Bu soru üzerine geriliyorum. 
"Hemen hemen senin kadar. Belki biraz büyük belki biraz küçük."
"Kaç işte?"
"Gerek var mı?"
"Tabii ki. Bilmek istiyorum."
"Sorma bana bunu."
"İyi..."
"O zaman şu soruya cevap ver."
"Yolla gelsin."
"Kaç yıldır yaşıyorsun?"
"Dalga mı geçiyorsun?"
"Yoo, gayet ciddiyim."
"Peki..."
Bu sefer ben soruyorum.
"Kafandaki kırmızı noktalar nedir?"
"Saç ektirdim de..."
"Hım..."
"Bugün maaşımın üçte birini buna ayırdım ve sabah erkenden saç ektirmek için masaya yattım."
"Demek iyi bir gelirin var."
"Tabii ki."
"Peki o zaman neden kafandaki başlık kirli?"
"Temizlemekten benim içim geçti ama o bir türlü ilk aldığım renge dönmedi."
"Neden?"
"Bilmiyorum."
"Ne zaman bu hale dönüştü."
"İlk rüşvetimi aldığımda."

Uzun bir sessizlik oldu. 
Adam: "Gerçekten kaç yaşındasın?"
"Söylemem."
"Niye?"
"İşte, anla."
"Yani?"
Bir süre sustum sonra ekledim. 
"Sen hesap et..."

 Günün ilk ışıkları giriyor perdemin aralığından. Ayak parmaklarım çıtırdıyor. Takvimden dünün yaprağını koparıyorum ve yere atıyorum. Komodinin üzerinde bir tomar para görüyorum. İlginç geliyor, demek her şeyi elde edebileceğini sanıyor. Çapsız... Rüşvetçi ve çıkarcı olduğunu bilseydim yine de alır mıydım onu evime? Odamın öte tarafında duran boy aynasına gidiyorum. Yan tarafta makyaj malzemelerimin dizili durduğu aynalığım da var. Bir aynalığa bir boy aynasına bakıyorum. Yüzüm ne kadar da genç ve diri duruyor. Tıpkı yirmisini bitirmesine birkaç ay kalmış genç bir kadın gibi... Kimse üç yüz yaşını çoktan aştığımı anlayamaz sanırım... Bir an gözlerimi kapatıyorum. Açtığım zaman aynada kırışık suratlı, burnunda boğayı andıran halkadan bir hızma ile yaşlı bir kadın beliriyor. Saçlarını omzunda toplamış... Aynaya:
"Kimsin sen?" deyince
"Tanımadın mı?" diyerek kayboldu kadın aynadan. 

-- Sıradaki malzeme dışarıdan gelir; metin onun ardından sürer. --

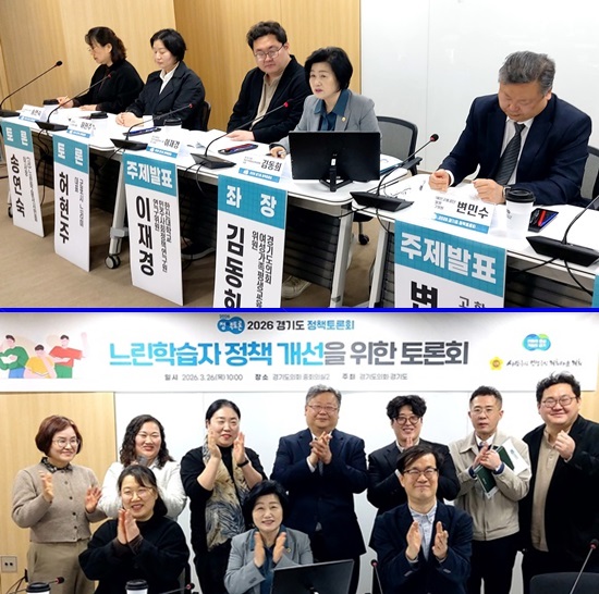 ±èµ¿Èñ °æ±âµµÀÇȸ ¿©¼º°¡Á·Æò»ý±³À°À§¿øÈ¸ ºÎÀ§¿øÀå(¿À¸¥ÂÊ¿¡¼­ µÎ ¹øÂ°)Àº 26ÀÏ ¿­¸° ¡®´À¸° ÇнÀÀÚ Á¤Ã¥ °³¼±À» À§ÇÑ Åä·Ðȸ¡¯¿¡¼­ ÁÂÀåÀ» ¸Ã¾Æ Åä·ÐÀ» ÁøÇàÇϰí ÀÖ´Ù.(°æ±âµµÀÇȸ Á¦°ø)

 Tenimin rengi kora dönmüş mangal kömürünü andırmaya başladı. Tüm bedenime soğuk su serpiştirmeye başladım. Su serpiştirdikçe kordan toprağa dönüyordum. Gittikçe solgunlaşan bir toprak rengine döndü ve en solgun tonunda değişim durdu. Olanları aklım almıyordu. Bu evrenin ve evrimin bana verdiği bir ceza mıydı? Bunca yıldır başıma neden böyle birşey gelmedi de bugün geldi? Tenimin solgunlaşması durunca derilerim dökülmeye başladı. Cildim bir balığın pulları gibiydi. Alel acele çıktım odadan. Beni bu şekilde görmemeliydi. Kapıdan çıkarken bedenimin iki katına çıktığını sezdim. Bu defa aynaya bakacak gücüm yoktu. Derhal kapıyı çektim ve çıktım. Merdivenleri koşarak indim. Binanın kapısında kocaman bir çukur vardı. Hamile bir kadının göbeğiyle suratında yastık izi kalmış tombul bir kadın yüzünün arasında kalmış bir biçimdeydi. Hızla sokağa atıldım. Cadde boyunca yürümeye başladım.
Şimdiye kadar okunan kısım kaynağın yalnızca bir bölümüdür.